30th November 2021 at 12:35 pm
thanks for the unreferenced follow up opinion Bernie. Looking at the top graph, which months of the year do you suggest we carry out the backburning of vast amounts of bushland? and how many resources do we need to complete this task in allotted safe period of time?
20th December 2021 at 12:44 am
Fuel loads are the only variable we have any control over.
Preventative burns cannot be dictated by a centralised control system with its lag periods of many months between lodging an application to burn, and receiving a permit (if the latter happe n s at all) The window to burn safely in an area may only be for a week or two eg, after rain, cool evenings, a slow breeze..

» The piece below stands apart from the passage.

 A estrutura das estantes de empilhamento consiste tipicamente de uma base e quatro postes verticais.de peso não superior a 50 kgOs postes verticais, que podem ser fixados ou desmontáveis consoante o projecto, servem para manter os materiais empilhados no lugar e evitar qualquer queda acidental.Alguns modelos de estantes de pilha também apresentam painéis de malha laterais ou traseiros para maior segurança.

Similarly with forestry and national park burns; by the time permission is received, the opportunity has usually passed, and if it hasn’t, then coordinating onerous requirements of having other brigades and police attend ensures ensures the final agreed date and time is not safe, and everyone goes home.

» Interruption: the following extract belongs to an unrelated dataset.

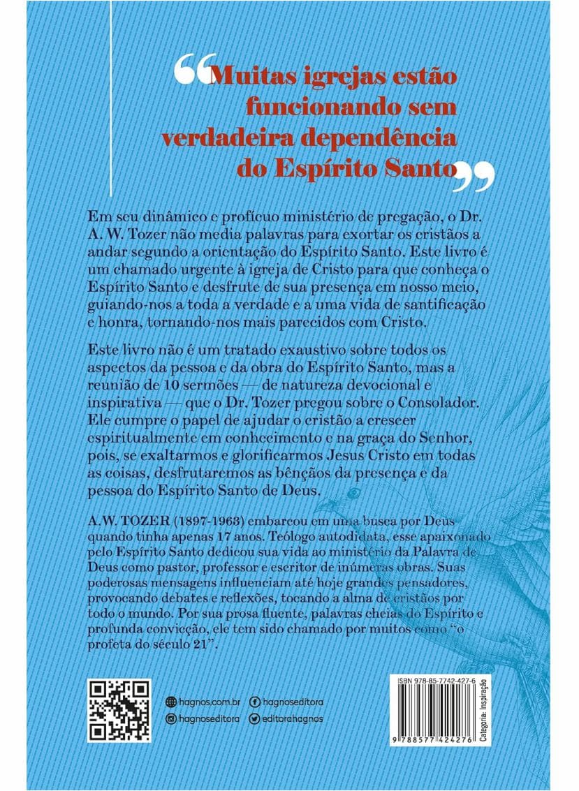 Em seu dinâmico e profícuo ministério de pregação, o Dr. A. W. Tozer não media palavras para exortar os cristãos a andar segundo a orientação do Espírito Santo. Este livro é um chamado urgente à igreja de Cristo para que conheça o Espírito Santo e desfrute de sua presença em nosso meio, guiando-nos a toda a verdade e a uma vida de santificação e honra, tornando-nos mais parecidos com Cristo.

It is the current system which reduces burning opportunities, and if the weather is getting hotter and drier, someone needs to come up with a way to manage the only tool available to us…. because all of the current net zero planning is still aiming at a 1.5 C temperature increase by the end of the century.
It is all very interesting to blame it all on climate change, but what is the plan?
30th November 2021 at 1:39 pm
I feel like if you’re going to leave a comment like this trying to dismantle the detailed researched data, you should at least read the full article first. It clearly states “Could fuel loads or prescribed burning be to blame? No. We looked for trends in these factors, and found nothing to explain the rise in burnt areas.”
As stated, the issue is not an increase in fuel loads, it’s that the number of extreme fire danger days exponentially increases the number of severe fires, regardless of the fuel load.
1st December 2021 at 3:10 pm
As the article states, fuel loads aren’t driving the increase in fire behaviour. Climate change is the driver. Increasing fuel reduction burns (even if possible given the reduced timeframes available to do them) just increases atmospheric carbon thus increasing climate change and making it even more dangerous.
Your second point is valid. We need to review and more actively manage people living in high risk environments. Made more difficult as the environment changes and more areas become higher risk.
14th December 2021 at 11:26 pm
The next megafire will happen when we have the next El Nino preceded by dry weather (low humidity). 2019-20 had 3 years of drought followed by an El Nino, drying out even rainforests, and making it extremely dangerous for hazard reductions over shorter and shorter periods. The lightning did the rest.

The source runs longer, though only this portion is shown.